Ofcom granted permission for the format change on 12 May 2009, although the new licence still required the station to air late-night phone-ins and Saturday afternoon sports coverage, in addition to the daytime talk programming requested by Bauer. Bauer was also told that the simulcasting of Magic 1548 content onto the City Talk frequency would not be permitted, but that some programming elements could be shared with Radio City.

On 21 June 2009, the station went live with their new talk-music format.

===Third format (January 2010 – December 2015)===
In January 2010, the station changed its format again, to operate a news-and-music mix. This saw extended news bulletins airing every 20 minutes (updated hourly, with more frequent updates during major breaking events), and soft adult contemporary music in between bulletins. This format aired for much of the day, except during the remaining presenter-led shows, such as the Pete Price phone in on Sunday – Thursday evenings and sports coverage, simulcast with Radio City. Later, the station reintroduced live all-speech breakfast and drive time programmes on weekdays, presented by Mick Coyle and Adam Catterall.

===Fourth & Final format and frequency switch (December 2015 – May 2020)===
In July 2015, Bauer submitted a formal request to OFCOM to swap City Talk's service with that of Radio City 2. The company proposed reformating Radio City Talk as a rock music station incorporating local news and sports coverage on Radio City 2's current AM frequency of 1548 AM. The request, which also removes requirements for all-speech shows at peak times and a late night phone-in, was approved three months later.

The switchover to the new rock, sports and talk format and transmission on AM took place on Monday 7 December 2015. Radio City Talk relaunched with a full schedule of live shows on weekdays, presented by Steve Hothersall (The Kick Off), Mick Coyle (Liverpool Live) and Adam Caterall (Full Time) and the Pete Price 'Late Night City' show being relayed from Radio City 2. Weekend programming consisted of specialist, sport and music output.

==The earlier City Talk experiment==
Radio City Talk was not the first time Radio City had operated a speech service for Liverpool. Radio City Talk previously existed Radio City's MW frequency, broadcasting between 1989 and 1991 as a daytime opt-out between the hours of 0700 and 1900 on weekdays, sharing content with Radio City's FM service outside these times.
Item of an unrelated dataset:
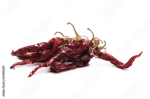 © dule964, Fototapeta premium Dry red, spicy peppers, pile isolated on white background
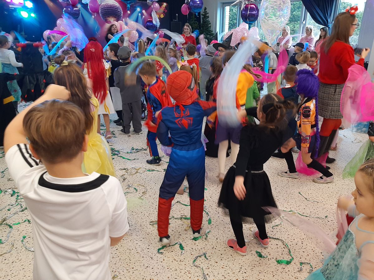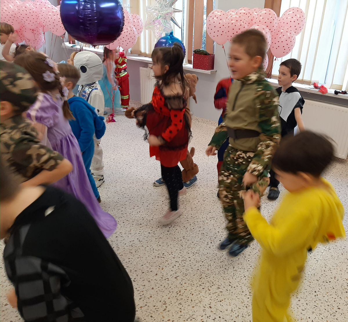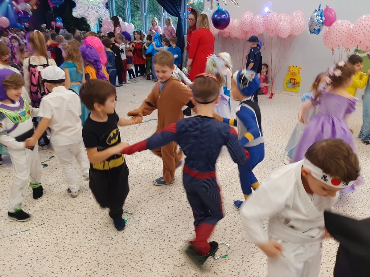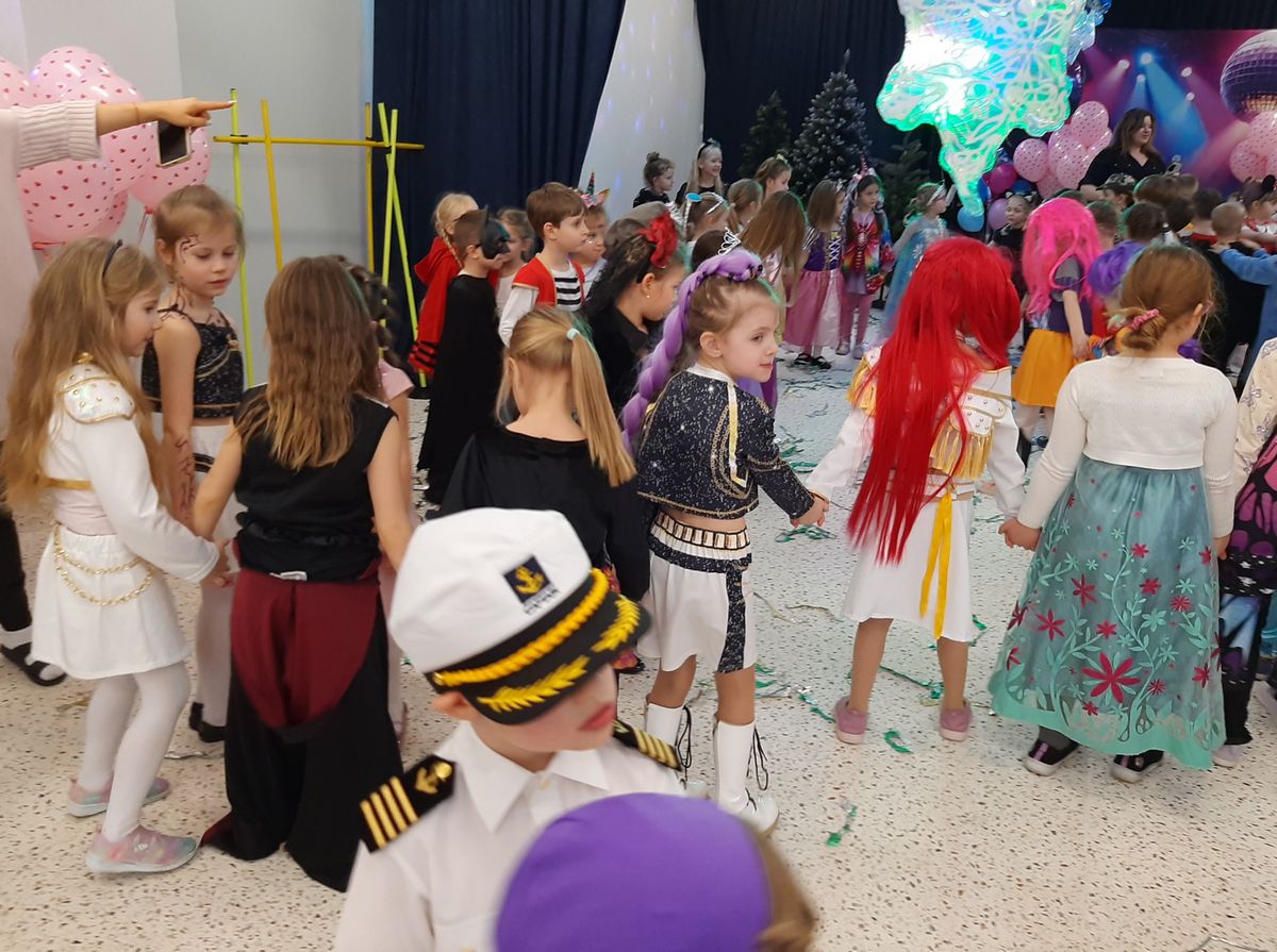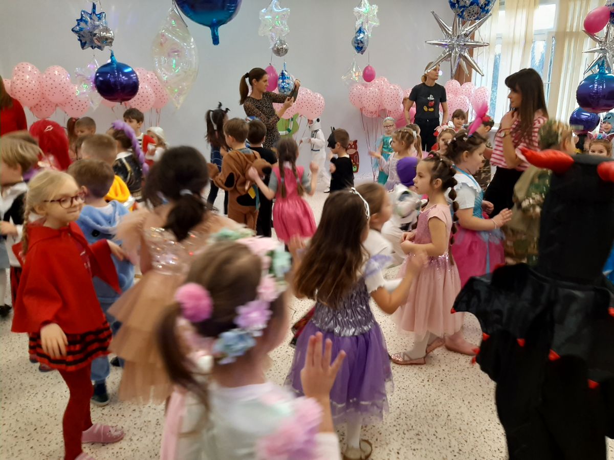 W tym roku obchodziliśmy niezwykły bal karnawałowy, ponieważ został on połączony z Walentynkami. Od samego rana w przedszkolu zrobiło się kolorowo – progi naszej sali przekroczyły wróżki, księżniczki, biedronki, a także rycerze, policjanci i strażacy. Dzieci z dumą prezentowały stroje ulubionych bajkowych bohaterów. Walentynkowe dekoracje sali stworzyły wyjątkowy klimat. Było mnóstwo śmiechu, ciekawych konkursów i tańców przy największych przebojach. Po zabawie na przedszkolaków czekał poczęstunek przygotowany przez rodziców – bardzo dziękujemy.

This approach differed from that taken by the other stations, which generally launched "oldies" format stations on their former AM frequencies.

Despite a speech format being suited to AM broadcasting, it was not a success so in 1991 the station was closed and Radio City followed the established format of introducing an oldies station - Radio City Gold 1548, which itself was later rebranded as part of the Magic AM network to Magic 1548. In 2015, the Magic AM stations were rebranded back to their local identities as part of the new Bauer City 2 network, and Magic 1548, which became Radio City 2 before switching frequencies with Radio City Talk.

==Coverage area==
The station was targeted for listeners in North Wales, Cheshire and Liverpool however extensive broadcasts could be heard in Greater Manchester and Staffordshire.

== Demise ==
On 7 May 2020, Bauer Radio announced that Radio City Talk would cease broadcasting later in the month. Bauer had said that due to low listening figures, it was deemed not financially viable to keep the station running. On 29 May 2020, Radio City Talk presented its last weekday programming schedule. Its final broadcasting date was 31 May 2020. The last song to be played was Hey Jude by The Beatles and at 12:06 a.m. on 1 June 2020, Radio City Talk went silent.